Figure 6.

Blue Light–Dependent Phosphorylation and Degradation of CRY2-GR Occur in the Nucleus.

(A) Autoradiograph showing CRY2-GR was phosphorylated only in the presence of Dex. CRY2-GR/cry1 cry2 seedlings were grown on MS medium with (+Dex) or without (−Dex) Dex, preincubated with ³²P for 2 h, and exposed to blue light (18 μmol m⁻² s⁻¹) for 15 min. CRY2 was isolated by IP, fractionated, and blotted. After autoradiography (left), the blot was probed with anti-CRY2 antibody (right) to show the level of CRY2. Arrowhead indicates phosphorylated CRY2-GR.
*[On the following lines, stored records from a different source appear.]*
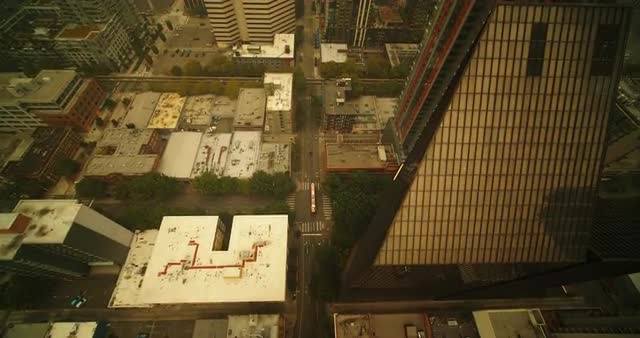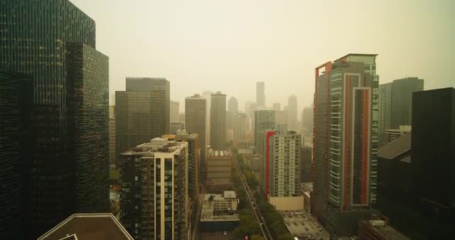 1117829 - Wide long 1 mintue take of downtown Seattle cooridor in smoke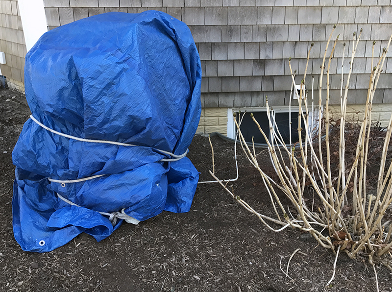 This hydrangea covered with a tarp is no better off in single digit weather than the uncovered plant next to it.
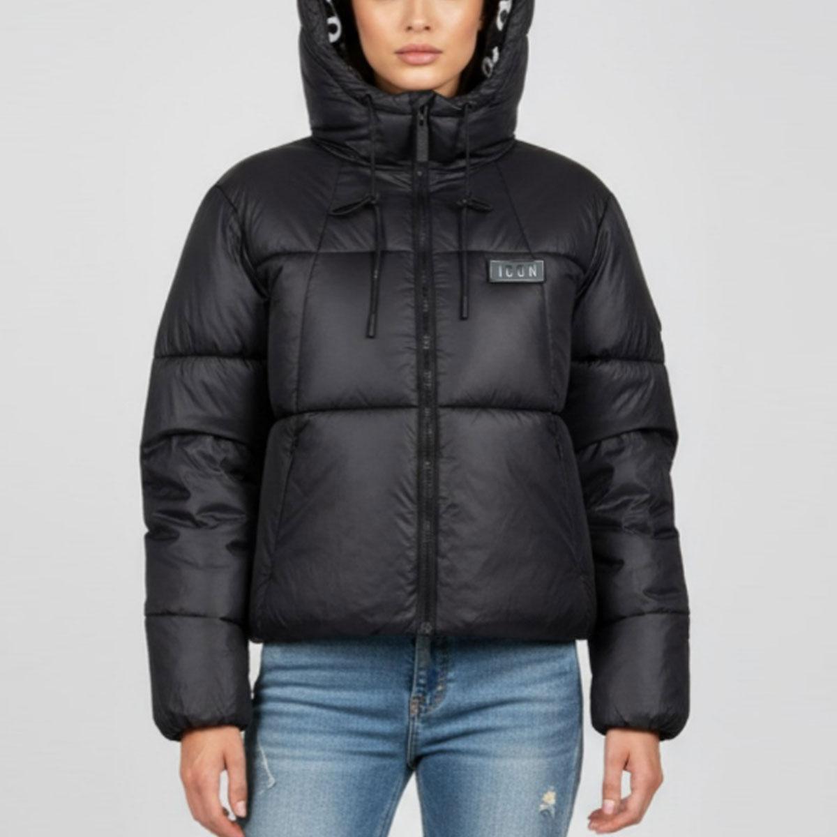 Icon piumino da donna, imbottito in poliestere 100% riciclato, con zip frontale, tasche laterali e patch logo gommata sul davanti. Perfetto per un look sportivo e moderno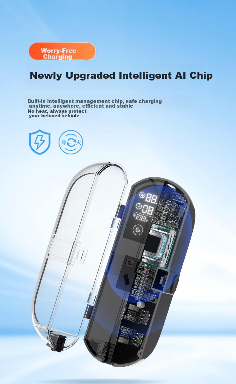 **Intelligence:** Upgraded with smart AI chip for safe and efficient charging, with automatic stop when fully charged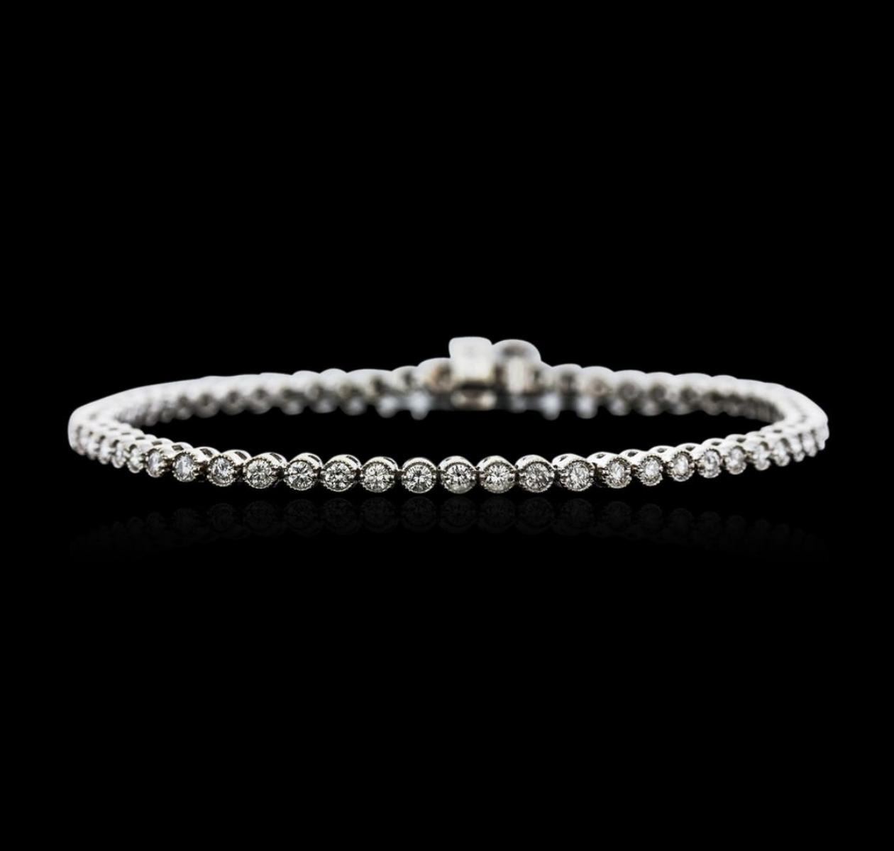 One electronically tested 14KT white gold ladies cast diamond tennis bracelet with a hidden box clasp with safety closer with a bright polish finish. Measurements: 7" in length Identified with markings of "14K". Condition is new. Containing: Sixty-Four prong set round brilliant cut diamonds, measuring 2.00 - 2.00 x 1.20mm (depth est.) approximate total weight of 64 Stones = 1.87ct. Clarity: SI-1 to SI-2. Color: H - I, Cut is Good. All diamonds are graded in the mounting, unless otherwise stated. Total Weight of Diamonds 1.87ct. Total Weight of Tennis Bracelet 9.80 grams. GGL Appraised at $5,875.00.

(B) and (C) Immunoblots showing that CRY2-GR underwent blue light–dependent degradation only in the presence of Dex. Five-day-old etiolated CRY2-GR/cry1 cry2 seedlings were treated with Dex (B) or mock solution (C) for 2 h and then exposed to blue light (15 μmol m⁻² s⁻¹) for the durations indicated. Protein extracts were fractioned by 10% SDS-PAGE gels, and the immunoblots were probed using anti-CRY2 and then anti-vPPase antibodies. CRY2-GR and CRY2-GR-Pi indicate unphosphorylated or phosphorylated CRY2-GR, respectively, N1 indicates the position of a band nonspecifically recognized by the anti-CRY2 antibody, and the asterisk indicates endogenous CRY2.

(D) The CRY2-GR signals were digitized and calculated as described (see Methods) and presented as the percentage of CRY2-GR^B (level of CRY2-GR after blue light treatment)/CRY2-GR^D (level of CRY2-GR before blue light treatment).